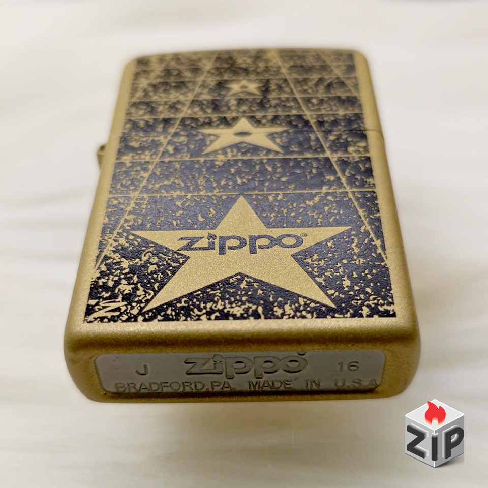 - Chi tiết: Ngôi sao lớn nhất ở phía dưới có logo Zippo ở trung tâm. Toàn bộ họa tiết được phủ hiệu ứng sần, hạt bụi màu đen/xám trên nền vàng, rất độc đáo.
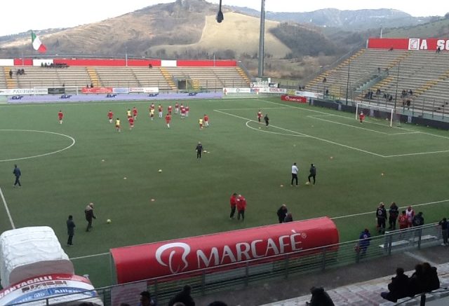85′ Teramo vicino al pari con un colpo di test sotto misura di Sansovini che da posizione favorevole non inquadra la porta.
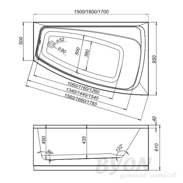 Ванна акриловая Byon Della 170x95 R - Характеристики
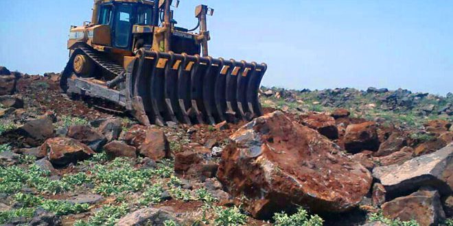 بدأ فرع مشاريع استصلاح الأراضي وتطوير التشجير المثمر في محافظة السويداء عمليات استصلاح وتأهيل 2500 دونم من الأراضي للموسم الحالي لتكون جاهزة للاستثمار وزراعة الأشجار والمحاصيل الحقلية.

____

• [DIRECTIONS] Output the line containing "85′ Teramo vicino" along with every line after it to the end of the material, exactly as written, but without pictures.

• [SOLUTION TO THE PROBLEM]
85′ Teramo vicino al pari con un colpo di test sotto misura di Sansovini che da posizione favorevole non inquadra la porta.
 Ванна акриловая Byon Della 170x95 R - Характеристики
 بدأ فرع مشاريع استصلاح الأراضي وتطوير التشجير المثمر في محافظة السويداء عمليات استصلاح وتأهيل 2500 دونم من الأراضي للموسم الحالي لتكون جاهزة للاستثمار وزراعة الأشجار والمحاصيل الحقلية.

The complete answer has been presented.